Donnovan Bennett is a writer, producer and host for TV and radio for Sportsnet. His work in sports covers race, politics, gender and pop culture and when reading, listening or watching any of his stories you know immediately that they come from a deeply personal place. A strong leader, advocate and role model in every aspect, Donnovan and his work play a key role in journalism as a whole.

When did you first make the decision to get into sports journalism? What drove you to do so?

DB: I wanted to be in sports journalism as long as I could remember. If I wasn’t playing sports, I was watching sports. Every school assignment or paper I ever did I found a way to tie to sports. I wasn’t good enough to do anything else so when the dream of playing sports died covering sports was the goal.

Is there a particular journalist that has influenced you in your career?

DB: The mentorship of Duane Forde. The example of Cabral Richards. I’m not in the industry or surviving in it if not for them being an example for me and investing in me.

As a Black sports journalist, do you feel pressure to pitch stories that focus on race?

DB: I do. If I don’t, who will? I don’t want to be the boy who cried wolf and interject race when it isn’t warranted but when it is, I do feel a responsibility to the community to speak up and say it.

What are your thoughts on how the media, as a whole, currently covers Black athletes/coaches/executives?
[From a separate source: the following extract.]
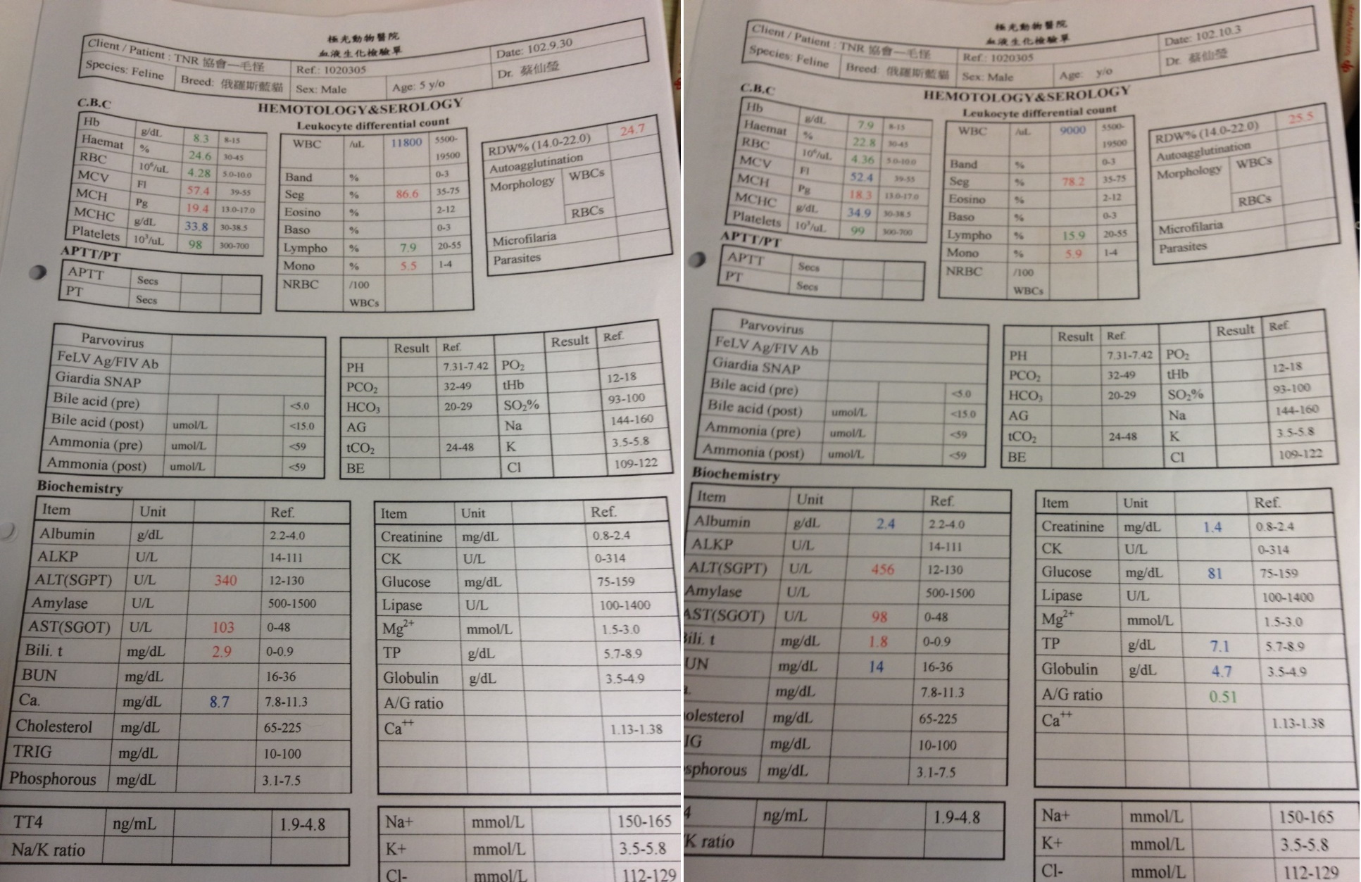 貓咪由彰化志工許桂菱和朋友協助捕捉送至台中,由熱心貓友M.l. Chen接力送回台北,送醫採樣檢驗不是黴菌也不是疥癬,血液檢查都正常,沒有愛滋白血、沒有貓瘟,食慾極佳、排尿很多、排便也很多,醫師懷疑是內分泌的問題,先將尿液和血液送檢

DB: We often cover them like they’re a niche topic not just human-interest stories like everybody else. Covering Black storylines aren’t philanthropy it’s storytelling. My main concern is how we cover them. Black athletes are praised for their athleticism and white athletes are praised for their ingenuity. It reinforces that our body is our talent which has been a racist ideology since the days of slavery. LeBron James isn’t just a physical specimen, he’s a basketball genius. We do him a disservice when we celebrate one and not the other. But most importantly we do the audience a disservice as we are sending cues as to which way certain people are valued in society.

The effects race has on the daily interactions in our lives can be very damaging; how do you take care of yourself?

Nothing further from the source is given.